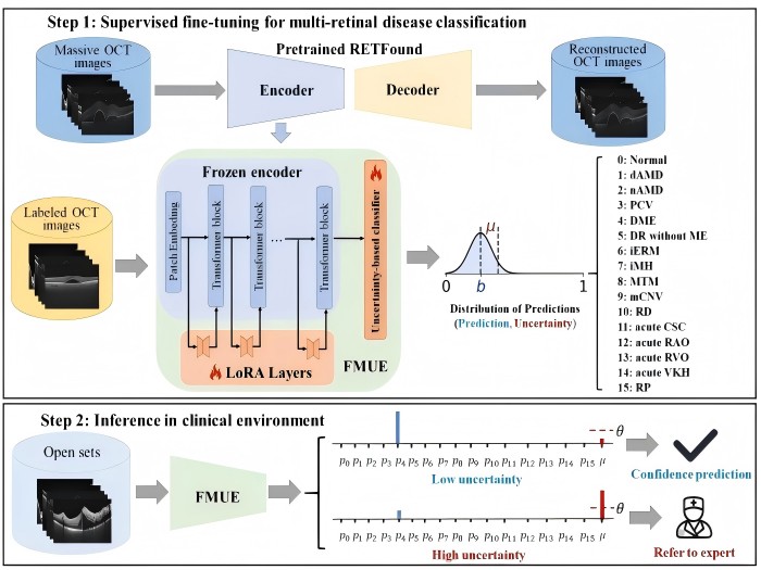12月19日,我校生物医学工程学院校聘副教授彭圆圆联合汕头大学·香港中文大学联合汕头国际眼科中心陈浩宇教授团队、新加坡科技研究局付华柱教授团队,在《细胞(Cell)》子刊《细胞医学报道 (Cell Reports Medicine)》(中科院一区Top, IF=11.7)上在线发表题为《结合不确定估计技术的基础模型在基于光学相干断层扫描的视网膜疾病诊断中增强了人工智能的可靠性(Enhancing AI Reliability: A Foundation Model with Uncertainty Estimation for Optical Coherence Tomography-based Retinal Disease Diagnosis)》的研究论文。彭圆圆,汕头大学·香港中文大学联合汕头国际眼科中心林艾迪,新加坡国立大学博士后王猛为共同第一作者;陈浩宇和付华柱为共同通讯作者,我校为第一作者单位。
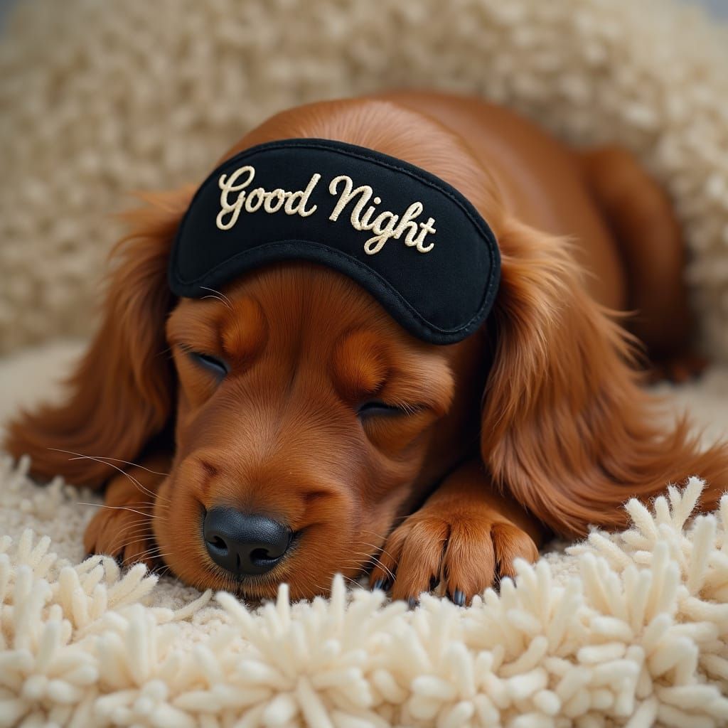 A photorealistic image presents a sleeping red cocker spaniel puppy wearing a sleep mask. The scene evokes a hyperrealistic style with elements of whimsy.
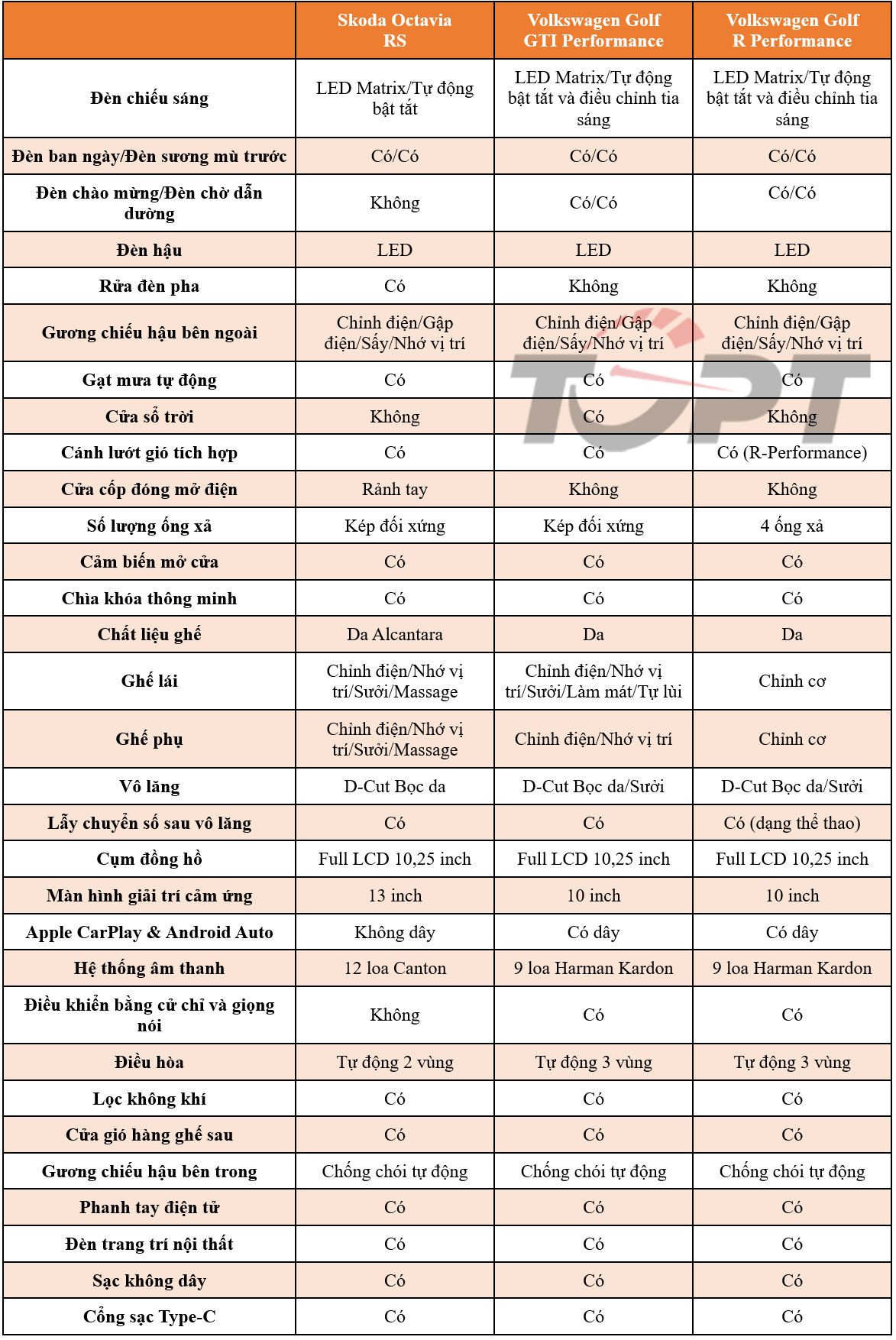 Về trang bị ngoại thất, trong khi Golf GTI Performance và R Performance khá tương đồng, với đèn chiếu sáng có khả năng điều chỉnh tia sáng chủ động. Tuy nhiên, phiên bản cao cấp nhất sở hữu một số trang bị đặc trưng thể hiện tính thể thao. Đáng chú ý khi Skoda Octavia sở hữu tính năng rửa đèn pha và cốp điện rảnh tay tiện dụng hơn so với hai mẫu xe Volkswagen.

Your task
Here the lines from the one containing "A photorealistic image" through the end of the material are to be copied exactly, with the pictures omitted.

Answer to this exercise
 A photorealistic image presents a sleeping red cocker spaniel puppy wearing a sleep mask. The scene evokes a hyperrealistic style with elements of whimsy.
 Về trang bị ngoại thất, trong khi Golf GTI Performance và R Performance khá tương đồng, với đèn chiếu sáng có khả năng điều chỉnh tia sáng chủ động. Tuy nhiên, phiên bản cao cấp nhất sở hữu một số trang bị đặc trưng thể hiện tính thể thao. Đáng chú ý khi Skoda Octavia sở hữu tính năng rửa đèn pha và cốp điện rảnh tay tiện dụng hơn so với hai mẫu xe Volkswagen.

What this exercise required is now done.